Junior and Varsity Girls Basketball Captain Elsie Rattner is disappointed but understanding of the postponement, noting the aspects of basketball that make it dangerous to play: sharing one ball, playing inside, and being a contact-oriented sport. “It’s expected, and I think it’s the right decision health wise,” Rattner said. “Obviously I’d like to get to play because that leaves me with only one more year. I definitely feel bad for the seniors.” 

Senior and Varsity Boys Basketball Captain Elliot Landolt agrees. “Obviously, it’s sad,” Landolt said. “As a four year senior this was kind of my year to be on top and to be in a position of leadership was an honor. I’ve really wanted to do my teammates proud, and I think that given the circumstances, it’s really difficult because it’s hard to prove yourself when you are not in the room with these people.”

On December 14 the IHSA is holding a board meeting to reevaluate the state of winter sports. However, one issue that arises for athletes during the pandemic is the potential overlap of postponed sports. Starks also noted the potential overlap with sports seasons for travel athletes. “For the greater good of everybody just giving folks the opportunity to play this year they had to make that tough decision,” Starks said regarding the choice of the IHSA to not push basketball to the spring. “There’s not enough calendar room to push it. If basketball moves to another season, it really complicates things.”

Rattner, a three-season athlete, is also concerned about the potential conflict of overlap of sports. “I don’t think it’s fair to make people choose,” Rattner said. “Especially since basketball is such a small team already.”

Additionally, Starks, Rattner, and Landolt all noted the impact of this decision on the student body. “There’s the social aspects and benefits that you receive being in school, having those social interactions, it’s the same thing for after school and extracurricular,” Starks said. “Kids aren’t getting that social interaction… Nothing beats coming to practice, sweating, and having fun with your teammates everyday, making those connections.”

Rattner agrees. “I’ve noticed a huge difference in my work ethic,” she said. “Without having sports and something to channel my energy into and getting the mental break of getting some sort of workout in or some sort of exercise in definitely is impacting my focus.”

Rattner and Landolt are both feeling the impact of not having a “White Out Game” this year.

“Not having that excitement really gets rid of something to look forward to which is needed in times like this,” Rattner said. Landolt agreed, especially noting that the excitement around the “White Out Game” is not only about the game but the activities surrounding it, including excitement videos, wearing jerseys to school, and the general energy of the community.

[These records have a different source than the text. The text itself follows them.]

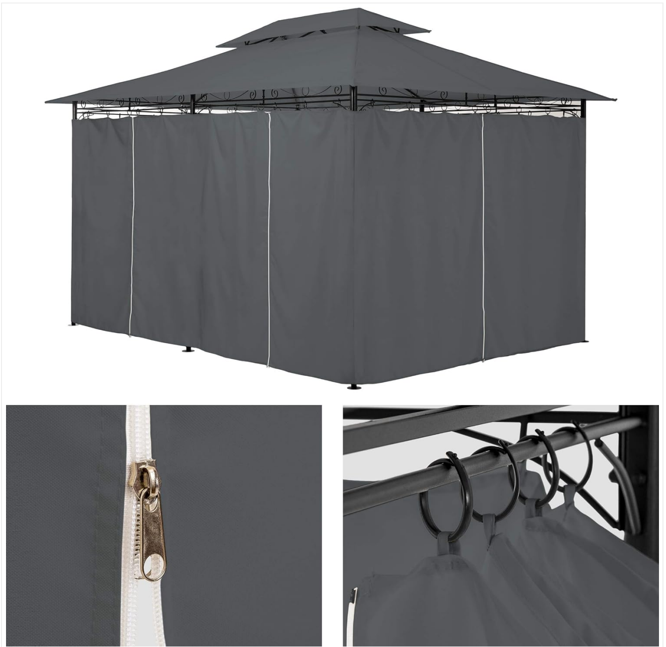
Figure 4: Detailed view showing the zipper closure on a side panel and the attachment rings that slide onto the pavilion's frame. This highlights the mechanism for securing and opening the side walls.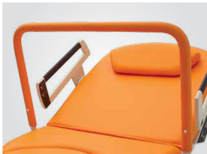
Supporting upholstered bar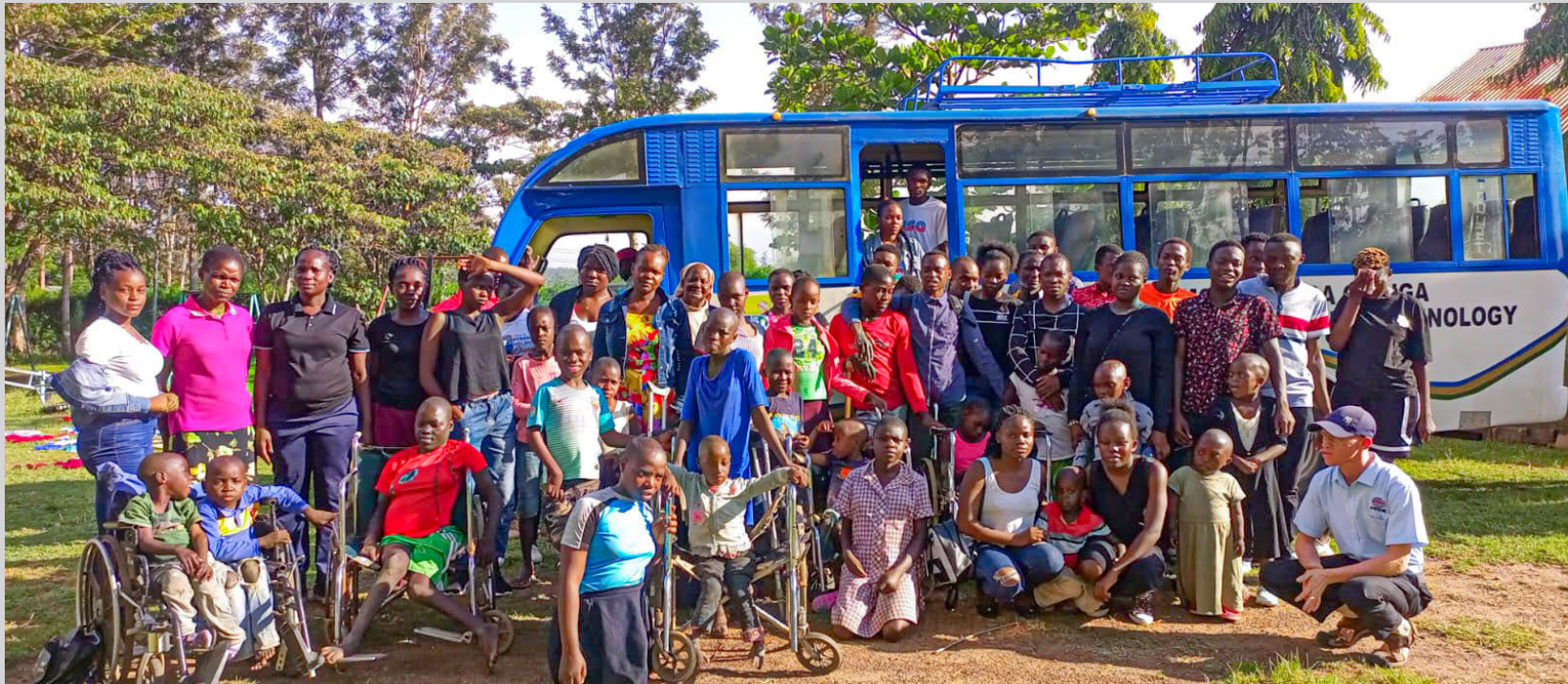
JOOUST Disability Advocacy Club pause for a photo with students of Nyamonye Small Home for Physically Handicapped.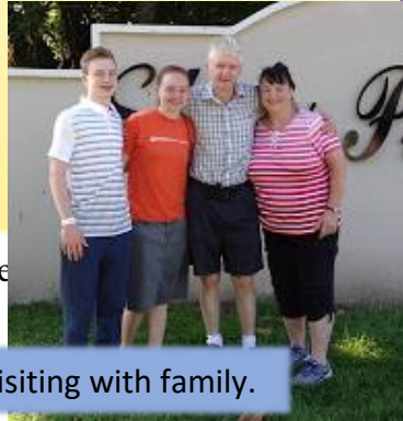
Visiting with family.

NEW HOME : My new home is within walking distance of where I lived during my first 6 months in Honduras. (See my August Blog: Housing Update on my website below.) I have enjoyed going back and visiting several times since moving, and am so grateful for everything I learned there. I am now renting a house (small town-house size) in the same neighborhood, and was able to outfit it with appliances and furniture and all the little necessities of a home, thanks to the many who donated to my start-up fund last year. It has a beautiful view of nearby mountains, and I was especially excited about the living room space – I’ve used it for several Bible studies with locals already!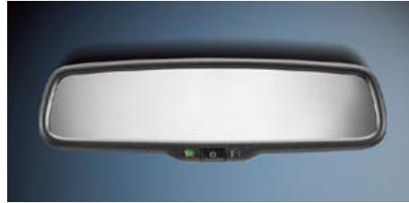
Auto-dimming rearview mirror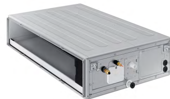
Outdoor Unit: MMLD009S6S-1P Indoor Unit: MDDD009S6-1P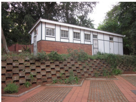
Fig 38: The laboratory from the east

This Laboratory consists of a number of different materials in its construction. A one metre high stretcher - bond brickwork base exists to part of it, whilst the balance consists of panels of asbestos sheeting. The scale of the doors and windows is reduced and shows top-hung windows and a standard 900x2100mm timber door. It has little to no heritage value.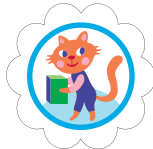
Cookie Goal Setter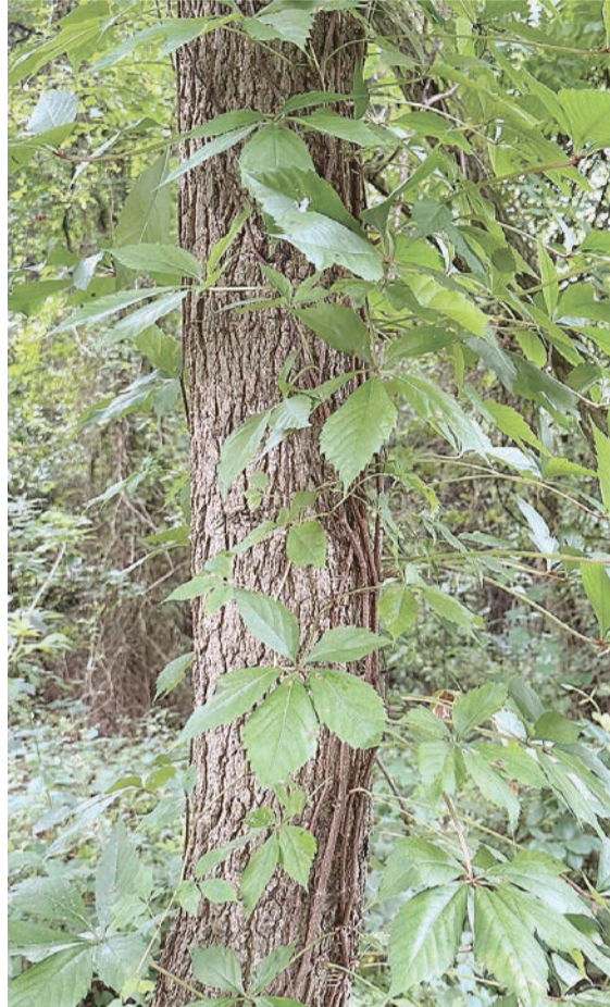
Not all vines are tree killers, such as this native Virginia Creeper, whose lighter weight and compact habit are not as great a strain on its host, and in turn is a host to other native wildlife.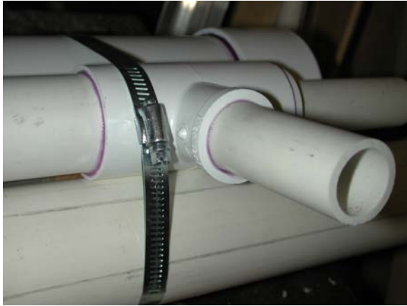
Front handle and main clamp.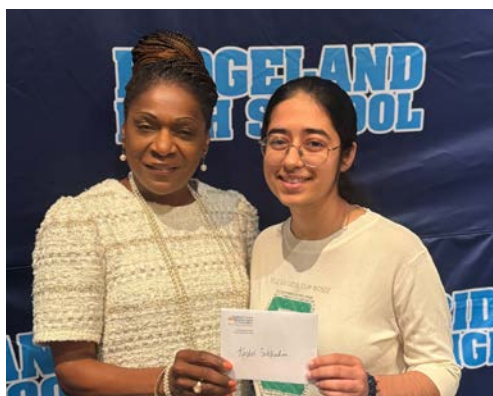
RIDGELAND HIGH SCHOOL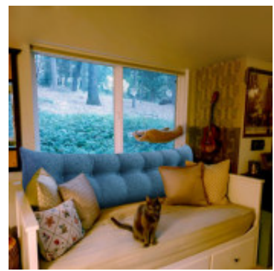
Children, kids, toddler or infant's room safety cushion

When your sofa back relax cushion is too old to be used or repaired, or you want to make a personalized sofa with an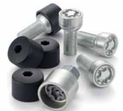
Volkswagen Approved Wheel bolt locking set

This wheel bolt locking set ensures your alloy wheels have maximum protection against theft.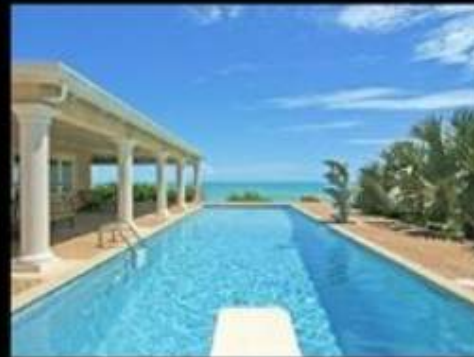
How tourists live in South Africa.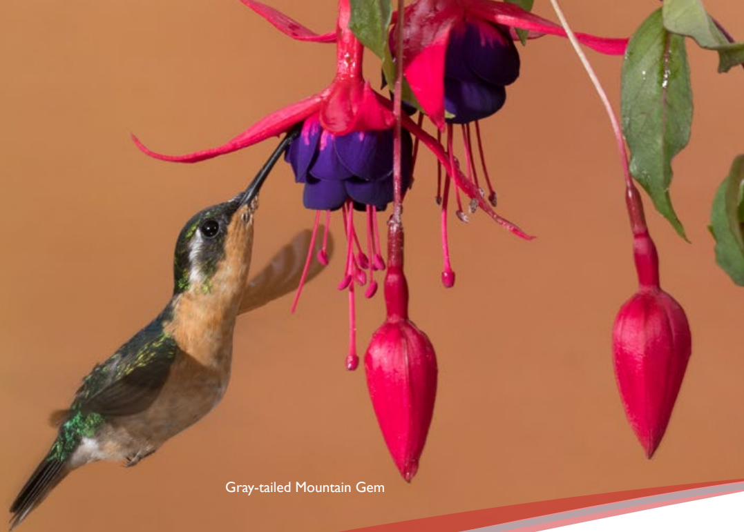
Gray-tailed Mountain Gem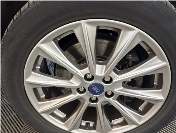
15: Wheel osf Corroded Light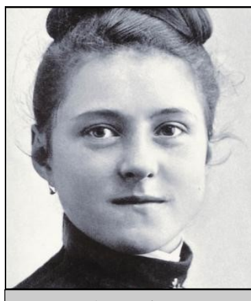
St. Therese of Lisieux

In her book, The Story of a Soul , Little Thérèse of Lisieux shares some wonderful messages about her love for Jesus and her way of pleasing Him. One of her discoveries, although very original, can be imitated by anyone, and can open up new perspectives in the way we receive Jesus during Mass.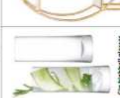
Gin Highball glasses, £22 for two, £144 for six, by LA International 02019 789171, www.lainternational.com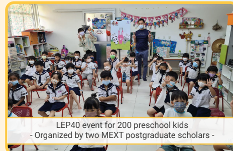
LEP40 event for 200 preschool kids - Organized by two MEXT postgraduate scholars -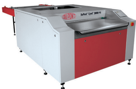
DuPont™ Cyrel® 3000 PS

DuPont Packaging Graphics continues to be a global technology leader in the development and supply of flexographic printing systems. Our R&D team continues to develop innovative new solutions to help our customers expand their business by taking advantage of new and profitable opportunities in the growing flexographic packaging market. The DuPont Packaging Graphics portfolio of products includes DuPont™ Cyrel® brand photopolymer plates (analogue and digital), Cyrel® platemaking equipment, Cyrel® round sleeves, Cyrel® plate mounting systems and the revolutionary Cyrel® FAST thermal system.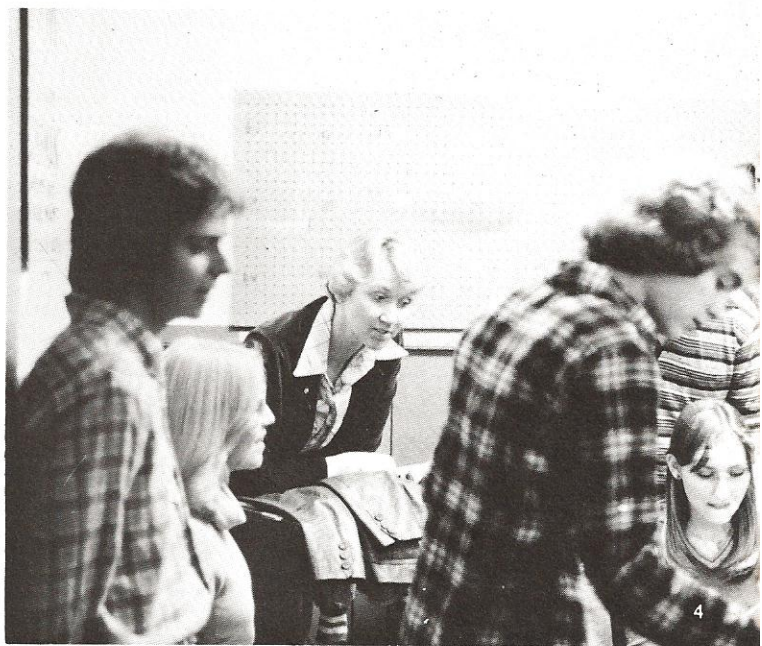
1. What do I do next? 2. I can't believe I'm doing this! 3. A Professional?? 4. Let's do it right this time!!! 5. We did it!!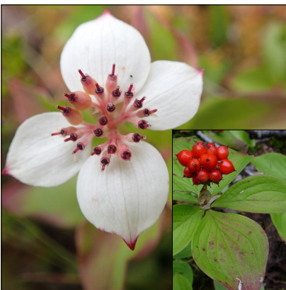
Bunchberry flowers and fruits. These berries are consumed by a variety of wildlife species including deer, moose, grouse and many others.

Whether in flower or fruit, bunchberry can be hard to miss.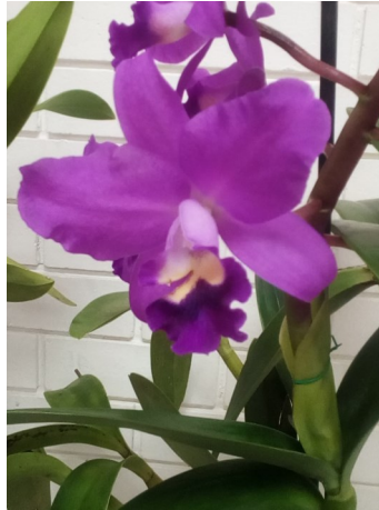
13 close up.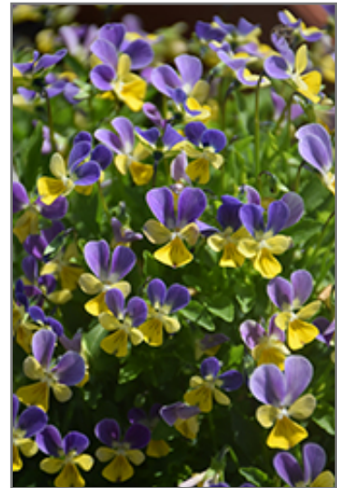
Hip Hop Bluebunny Pansy flowers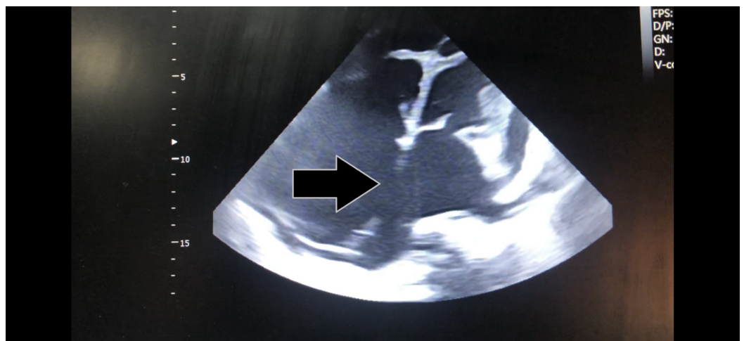
FIGURE 2: Large secundum atrial septal defect with a dilated right heart (black arrow)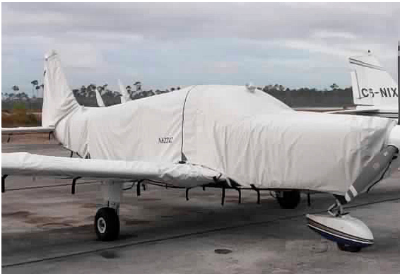
Piper PA-32 Full Cover set

WINTER USE MATERIAL - Made with Solution-Dyed Polyester fabric, this option is intended for seasonal use to aid in deicing, rain mitigation, or for occasional travel. The material is lighter and more compact, but more susceptible to UV damage and may have a shorter useful life if used continuously outside than the all-year use material.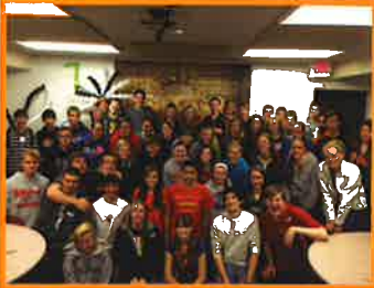
God Save the Queen Life Teen Night Fall 2012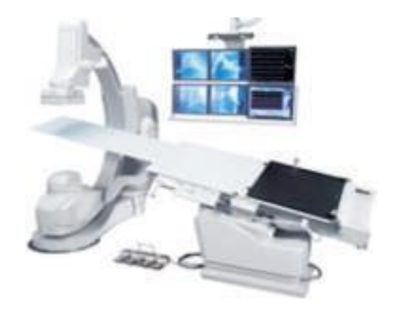
Floor mounted Hybrid Cathlab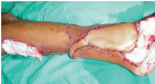
Figure 9 – Lane of skin over the pedicle. The flap technique was modified so that a lane of skin was left over the pedicle. This made the area firm and protected, thus avoiding both compression and the requirement for a skin graft.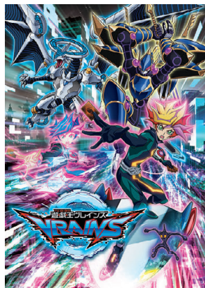
Yu-Gi-Oh! VRAINS ©1996 Kazuki Takahashi ©2017 NAS・TV TOKYO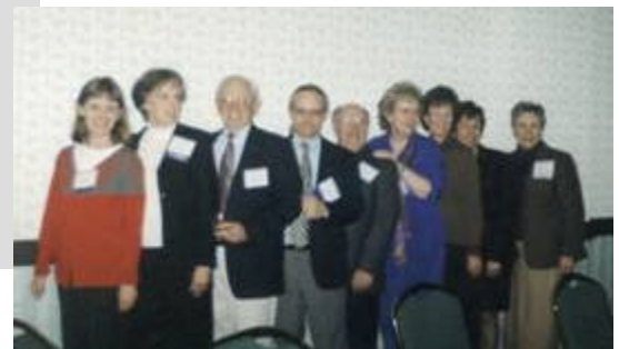
Lots of smiles at the President's Reception!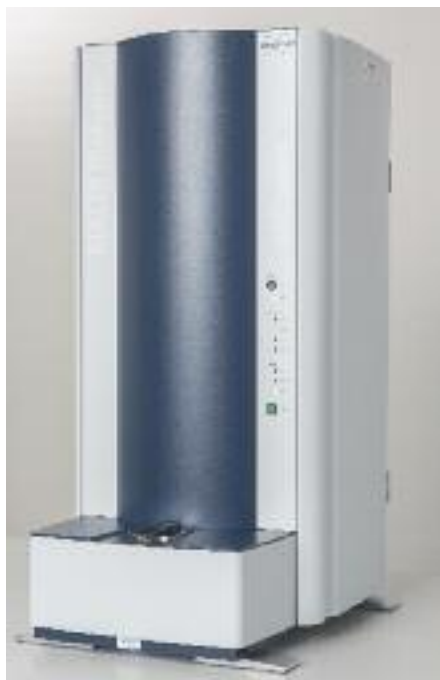
Bruker is continually adding workflows based on the MALDI Biotyper.

solution for routine usage in the microbiology laboratory. The company is continually adding workflows based on the MBT, including MBT Sepsityper for direct identification from positive blood cultures and subsequent resistance testing. Bruker also markets molecular tests for yeasts and carbapenemase-producing Enterobacteriaceae (CPE), along with the IR Biotyper, for strain typing to target hygiene management. Bruker additionally offers Micronaut for antimicrobial susceptibility testing of bacteria and yeasts. These in vitro diagnostics are used in routine laboratories in the fields of human medicine and other microbiology markets. Visitors to the company's stand at BSMT were able to talk to representatives about all of these exciting products.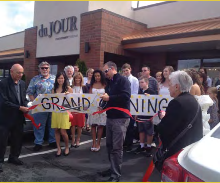
du JOUR Consignment Couture 990 Lancaster Dr NE, Salem 97301

Although basketball will not occur in its usual winter schedule, Starks is hopeful that the season can take place later. “Hopefully we are able, maybe in January, maybe in February, we are able to get back on the court,” Starks said. “The minute we are able to get back and have practices, we are going to be working hard to do so in the safest way possible.”

Even though the season may eventually occur, Landolt believes it may not be the same as normal. “There is not going to be a single team that is at the competitive level that they would be given the regular season,” Landolt said. “It’s difficult to stay in shape, it’s difficult to play basketball right now…You’re still going to play teams that are better or worse than you. You’re still going to have competitive matches, it just won’t be at the level that might be expected in a regular season.”

In the meantime, Starks is hoping to engage the teams through Zoom meetings as much as possible and is hopeful for eventually holding in-person activities. “I’m hopeful that we can provide some athletic opportunities in person,” Starks said. “If we can do that, I would be so excited.”